AutoGen Tutorial (Python): filtering toxic output for intermediate developers
This tutorial shows you how to put a toxicity filter in front of an AutoGen agent workflow so unsafe or abusive model output never reaches your users. You need this when you’re building assistants for regulated environments, customer support, internal tools, or any system where a single bad response can become a compliance or trust problem.
What You'll Need
- •Python 3.10+
- •
pyautogeninstalled - •An OpenAI API key with access to a chat model
- •
python-dotenvif you want to load secrets from.env - •A basic AutoGen setup with at least one assistant agent and one user proxy agent
Install the packages:
pip install pyautogen python-dotenv openai
Set your API key:
export OPENAI_API_KEY="your-key-here"
Step-by-Step
- •Start by creating a normal AutoGen assistant and user proxy. The key idea is that we do not trust the assistant output directly; we inspect it before showing it to the user or passing it downstream.
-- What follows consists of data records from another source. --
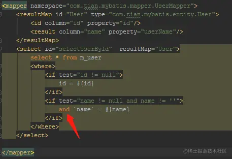 " <if test='username != null'>`name`=#{username},</if>",
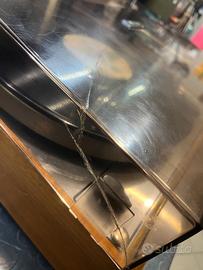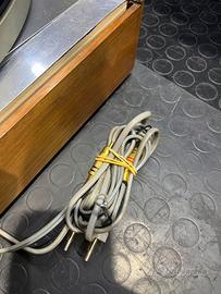 Thorens td 166 adattato su un plinto di un dual ( forse era su un compatto) . cappa con spaccature incollate vissuta ma fà il suo lavoro. Testina Shure m75 con stilo nuovo . Vissuto ma perfettamente funzionate . Presenta comunque bene . Ottima base per chi lo vuole customizzare oppure super utilizzabile da subito con un costo basso . Cavetti rca placcati e è stato anche agginto il cavo di massa della testina non sempre necessario per il collegamento .
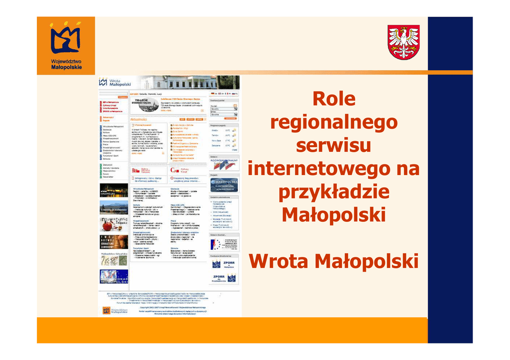 Role regionalnego serwisu internetowego na przykładzie Małopolski Wrota Małopolski Wrota Malopolski –regionalny portal Kraków, 2 e-Government kwietnia 2004 r. Cele dla e-administracji Czego oczekujemy od e- administracji? E-administracja – uŜywanie technologii informacyjnych i Internetu dla obywateli, biznesu i interakcji pomiędzy administracją Redukowanie odwiedzin obywateli w urzędach, migracja tego typu kontaktów do Internetu i prosty dostęp do informacji publicznych. Tańsze koszty administracji publicznej Łatwy i prosty dostęp do danych w dyspozycji administracji publicznej Wrota Malopolski –regionalny portal e-Government Serwisy www Małopolski www.malopolskie.pl – serwis urzędowy prezentujący działania Sejmiku, Zarządu i Urzędu Województwa Małopolskiego Intranet – serwis roboczy dla pracowników urzędu – niezbędne kompendium wiedzy na temat wewnętrznych regulacji pracy urzędu oraz vademecum (komunikaty, telefony, katalogi plików, ogłoszenia pracowników etc) Wrota Małopolski – Regionalny Portal Internetowy wraz z subserwisami np. Małopolską Biblioteką Cyfrową Dlaczego? Wrota Malopolski –regionalny portal e-Government WROTA MAŁOPOLSKI www.malopolska.pl Wrota Małopolski to: Platforma informacyjna zapewniająca obywatelom i podmiotom prawnym dostęp do regionalnych zasobów informacyjnych. Wrota Małopolski stanowią elektroniczną platformę umoŜliwiającą świadczenie mieszkańcom regionu usług przez urzędy administracji publicznej. Celami portalu Wrota Małopolski jest: • Dostarczanie w przystępnej i atrakcyjnej formie informacji na temat regionu i jego promowanie, integracja tych zasobów • Zapewnienie dostępu do zasobów informacyjnych instytucji publicznych regionu • Świadczenie usług przez urzędy administracji publicznej regionu • UmoŜliwienie kontaktu z tymi instytucjami Wrota Malopolski –regionalny portal e-Government Historia 2001 – start projektu, 2002 – porozumienie z Wojewodą, październik, 2003 – 18 czerwca – 2 edycja WM, nowa technologia (.NET, CMS 2002 etc.) 2004 – 2 kwietnia – 2 edycja WM, nowy Department UMWM, 2005 – 3 edycja, cyfrowy podpis we Wrotach 2006 - 4 edycja, online 50 nowych formularzy 2007 – następna edycja WM, 50 nowych form, e-elarning (Moodle), e-szkoła Wrota Malopolski –regionalny portal e-Government Wyzwania podczas wdroŜenia Wrota jako integrator regionu 1. Nowe kanały komunikacji, 2. Nowa parasolowa organizacja 3. Cykle szkoleń (1000 uŜytkowników) Wrota Malopolski –regionalny portal e-Government Wrota jako baza wiedzy (1) • Aktualności • Pogoda • Wizytówka Małopolski • Edukacja • Kultura • Mapy GIS – GPS • Niepełnosprawni • Praca • Przedsiębiorczość • Środowisko i obszary wiejskie • Turystyka i sport • Zdrowie • Statystyki • Newsletter • Forum • Unia Europejska • ZPORR Wrota Malopolski –regionalny portal e-Government Wrota jako baza wiedzy (2) Bazy danych • Edukacja • Kultura • Niepełnosprawni • Praca • Przedsiębiorczość • Środowisko i obszary wiejskie • Turystyka i sport • Zdrowie Sposoby udostępniania i aktualizacji: • webservices, • import i eksport plików baz danych, • aktualizacja poszczególnych rekordów przez www • Współdzielenie z innym stronami www (w trakcie realizacji) Wrota Malopolski –regionalny portal e-Government Wrota jako hub serwisów • Małopolski szlak UNESCO • Szlak architektury drewnianej • Smaki Małopolska • Małopolskie Przedszkole • Małopolska z lotu ptaka • Visit.Malopolska.pl • Małopolska Blblioteka Cyfrowa • E-szkoła • Platforma e-learning (moodle) • …. Wrota Malopolski –regionalny portal e-Government Wrota Małopolski jako narzędzie promocji na zewnątrz 1. Serwis promujący region i jego atrakcje na zewnątrz: visit. malopolska.pl, smaki małopolski, Małopolski Szlak UNESCO … 2. Promocja dla turystów: mieszkańców regionu, Polski i obywateli innych krajów 3. Konieczność reorientacji serwisów www - rola indeksowania w wyszukiwarkach np. w Google. Wrota Malopolski –regionalny portal e-Government Wrota jako narzędzie informacji i współpracy z podmiotami w Małopolsce • Publikowanie rocznego kalendarium wydarzeń kulturalnych oraz turystycznych w Małopolsce z moŜliwością jego aktualizacji przez internautów • Bezpłatne promowanie zbliŜających się wydarzeń w aktualnościach Wrót • Promowanie wydarzeń na 1 stronie portalu • Promowanie wydarzeń w newsletterze • Publikowanie informacji w publikacjach UMWM Metoda: kontakt elektroniczny (maile z treścią ogłoszeń przeznaczonych do publikacji, formularze na stronach www, automatyczne aktualizowanie baz danych) Wrota Malopolski –regionalny portal e-Government Wrota jako baza wiedzy o administracji Obowiązki administracji publicznej – dostęp do informacji publicznej Ustawa o dostępie do informacji publicznej (2001) Wszystkie informacje dotyczące spraw publicznych są publikowane w internecie w BIP - strona www o specyficznej baz BIP – specyficzna część Wrót Wrota Malopolski –regionalny portal e-Government BIP • Pełny dostęp przez jedno miejsce • Jedno narzędzie, zdecentralizowane uprawnienia • 280 jednostek administracji publicznej. Wrota Malopolski –regionalny portal e-Government Wrota jako narzędzie do nauczania Kursy E-learning: Szlaki Małopolski Tatry bez tajemnic Samorządowe ABC Finansowanie organizacji pozarządowych Urzędnik Europejski Zarządzanie kryzysowe i obrona cywilna E- Szkoła we wrotach Małopolski Wrota Malopolski –regionalny portal e-Government Wrota Małopolski jako narzędzie komunikacji 1. Serwis zawierający moduł do ankiet i sondaŜy 2. Forum dla wszystkich 3. Zamknięte grupy dyskusyjne – fora dla zalogowanych Wrota Malopolski –regionalny portal e-Government Wrota jako Cyfrowy Urząd OfficeObject DocMan Serwisy zewnętrzne wysyłanie Odpowiedź Potwierdzenie przesłania Wywoła

from autogen import AssistantAgent, UserProxyAgent
llm_config = {
"model": "gpt-4o-mini",
"temperature": 0,
"api_key": os.environ["OPENAI_API_KEY"],
}
assistant = AssistantAgent(
name="assistant",
llm_config=llm_config,
)
user = UserProxyAgent(
name="user",
human_input_mode="NEVER",
code_execution_config=False,
)
- •Add a lightweight toxicity classifier. For production, you would likely use a moderation endpoint or an internal policy service, but this example keeps everything in Python so you can run it end-to-end. The function returns
Truewhen content should be blocked.
import os
import re
TOXIC_PATTERNS = [
r"\bidiot\b",
r"\bstupid\b",
r"\bkill yourself\b",
r"\bhate you\b",
]
def is_toxic(text: str) -> bool:
lowered = text.lower()
for pattern in TOXIC_PATTERNS:
if re.search(pattern, lowered):
return True
return False
- •Wrap the assistant call so every response gets filtered before use. This is the part most teams skip: they generate the answer and immediately print it. Instead, capture the text, run policy checks, and only then release it.
def safe_generate_reply(prompt: str) -> str:
messages = [{"role": "user", "content": prompt}]
reply = assistant.generate_reply(messages=messages)
if isinstance(reply, dict):
content = reply.get("content", "")
else:
content = str(reply)
if is_toxic(content):
return "[BLOCKED] Response contained disallowed language."
return content
prompt = "Write a short reply to a frustrated customer asking for help."
print(safe_generate_reply(prompt))
- •If you want stronger control, filter both incoming prompts and outgoing responses. That matters in real systems because toxicity can come from either side: user input can be abusive, and model output can echo or amplify it.
def guarded_chat(prompt: str) -> str:
if is_toxic(prompt):
return "[BLOCKED] User input contained disallowed language."
response = safe_generate_reply(prompt)
if response.startswith("[BLOCKED]"):
return response
return response
tests = [
"Help me reset my password.",
"You are stupid and useless.",
]
for t in tests:
print("INPUT:", t)
print("OUTPUT:", guarded_chat(t))
- •For better operational visibility, log blocked events with enough context to debug them later. In production, send these records to your app logs or SIEM instead of printing them.
from datetime import datetime
def log_block(event_type: str, text: str) -> None:
print({
"timestamp": datetime.utcnow().isoformat(),
"event_type": event_type,
"sample": text[:120],
"blocked": True,
})
def guarded_chat_with_logging(prompt: str) -> str:
if is_toxic(prompt):
log_block("input_blocked", prompt)
return "[BLOCKED] User input contained disallowed language."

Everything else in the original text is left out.